• Task objective: Each entry that follows should be set down precisely, with its pictures removed.

- Opening Delimiter -

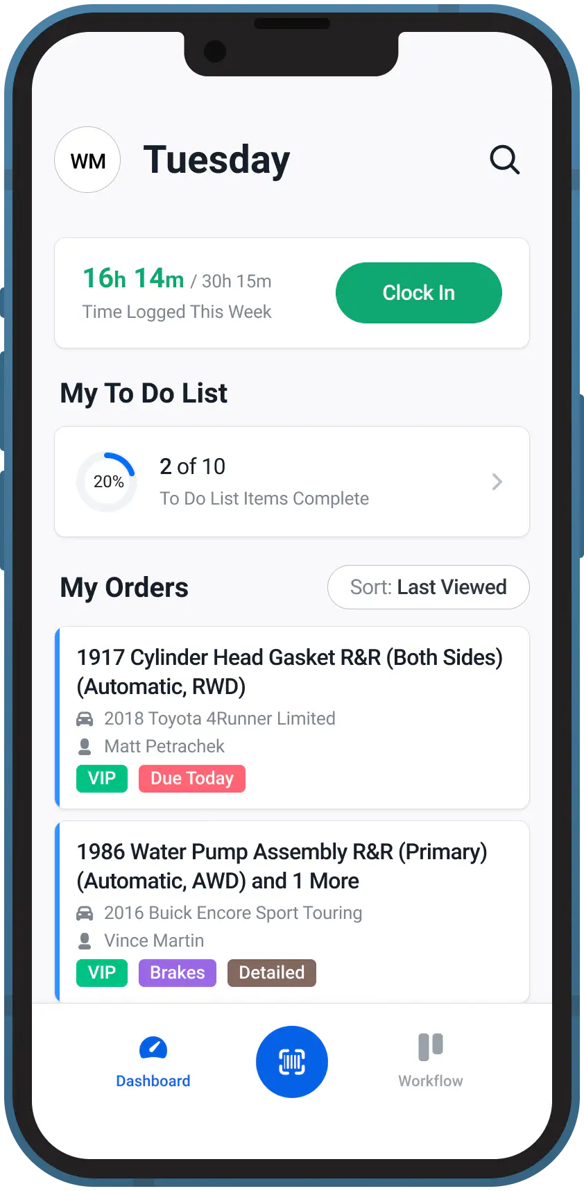 Front and center in our bottom navigation is access to our VIN plate, VIN barcode, and license plate scanner tool. Check-in vehicles faster than ever with this state-of-the-art scanner. One tap of a button gives techs the ability to check in a vehicle, access related jobs, or add a new vehicle to the system.
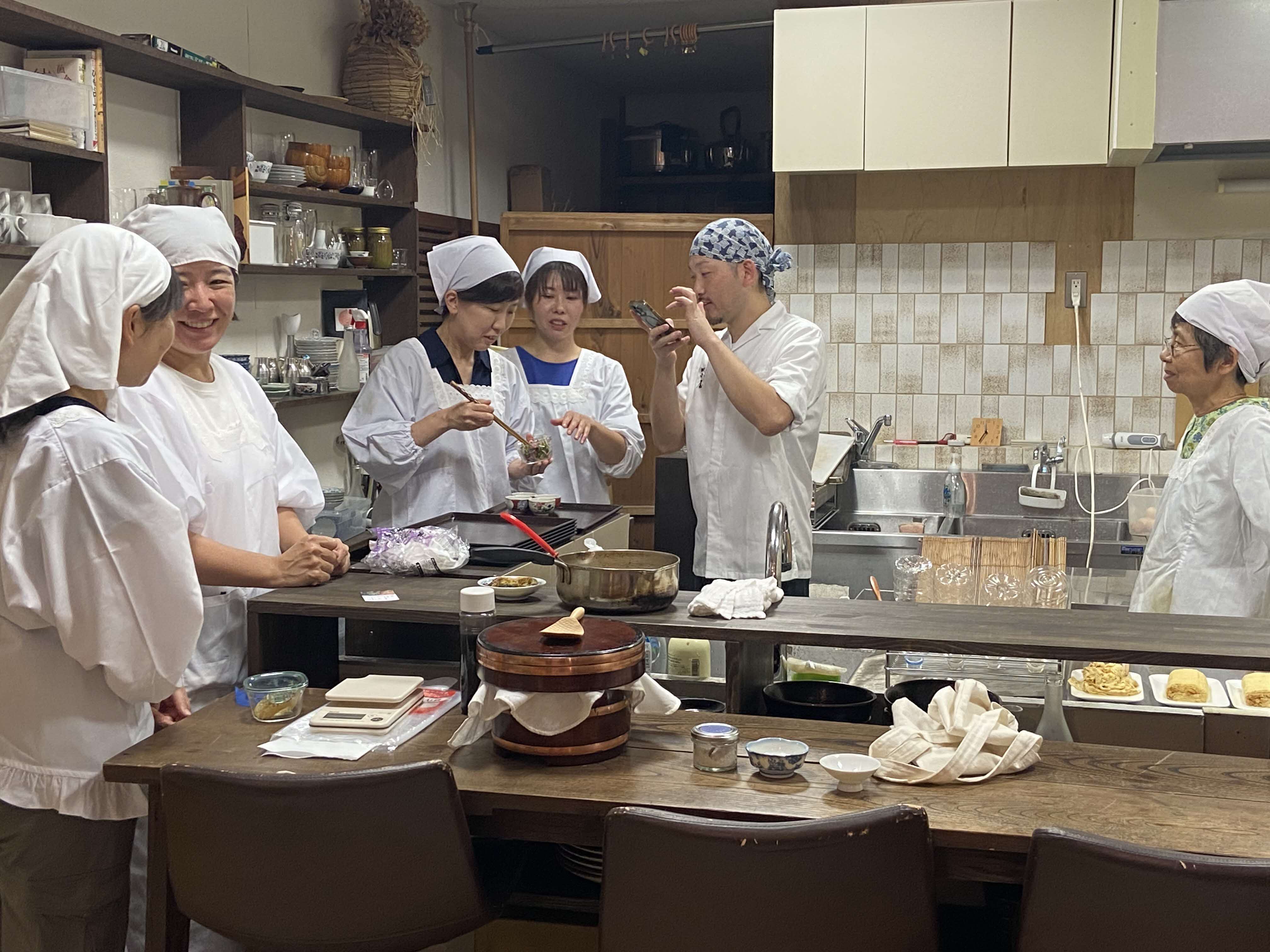 メンバーは、旭日酒造の寺田栄里子さん、けんちゃん漬けの成相由紀子さん、渡邊水産の岩田響子さんと渡邊美和子さん、そば処田中屋の田中俊樹さん、そしてむすびやの渡部裕子さん。出雲の“おいしい”を支える、心強い仲間たちです。
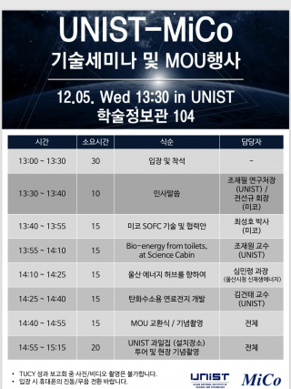 A signing ceremony of the Memorandum of Understanding (MoU) between UNIST and MiCo Co. Ltd. is scheduled to be held on Wednesday, December 05, 2018.
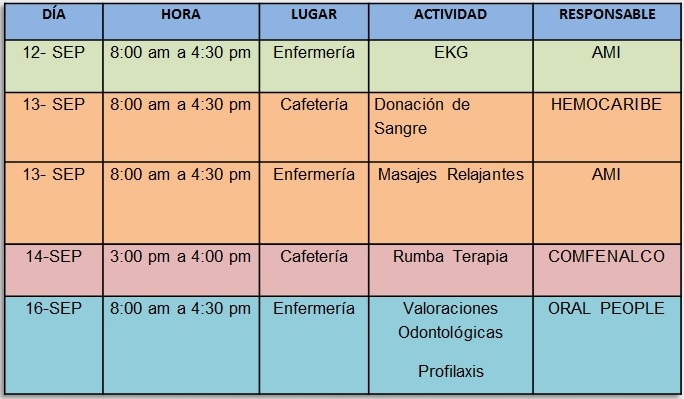 La Coordinación Administrativa de la Universidad Jorge Tadeo Lozano, Seccional del Caribe invita a todos sus funcionarios a participar de la Semana de la Salud y Seguridad en el trabajo, que se desarrollará del 12 al 16 de septiembre.
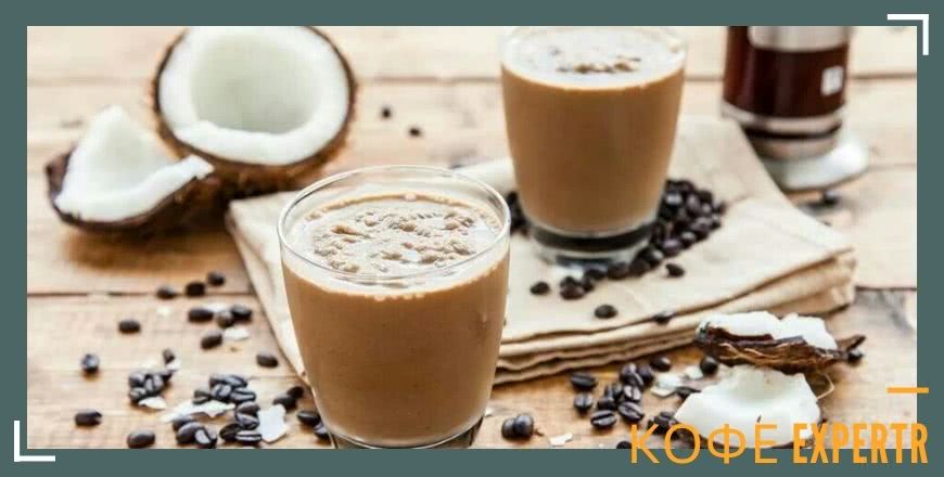 Рецепт для ценителей конфет раффаэлло, вкуса кокоса. Вместо сливок используется кокосовое молоко (объем — 150 мл). Затем ингредиенты перемешиваются, взбиваются. Сверху напиток посыпается кокосовой стружкой.

- Closing Delimiter -

• Answer space:
 Front and center in our bottom navigation is access to our VIN plate, VIN barcode, and license plate scanner tool. Check-in vehicles faster than ever with this state-of-the-art scanner. One tap of a button gives techs the ability to check in a vehicle, access related jobs, or add a new vehicle to the system.
 メンバーは、旭日酒造の寺田栄里子さん、けんちゃん漬けの成相由紀子さん、渡邊水産の岩田響子さんと渡邊美和子さん、そば処田中屋の田中俊樹さん、そしてむすびやの渡部裕子さん。出雲の“おいしい”を支える、心強い仲間たちです。
 A signing ceremony of the Memorandum of Understanding (MoU) between UNIST and MiCo Co. Ltd. is scheduled to be held on Wednesday, December 05, 2018.
 La Coordinación Administrativa de la Universidad Jorge Tadeo Lozano, Seccional del Caribe invita a todos sus funcionarios a participar de la Semana de la Salud y Seguridad en el trabajo, que se desarrollará del 12 al 16 de septiembre.
 Рецепт для ценителей конфет раффаэлло, вкуса кокоса. Вместо сливок используется кокосовое молоко (объем — 150 мл). Затем ингредиенты перемешиваются, взбиваются. Сверху напиток посыпается кокосовой стружкой.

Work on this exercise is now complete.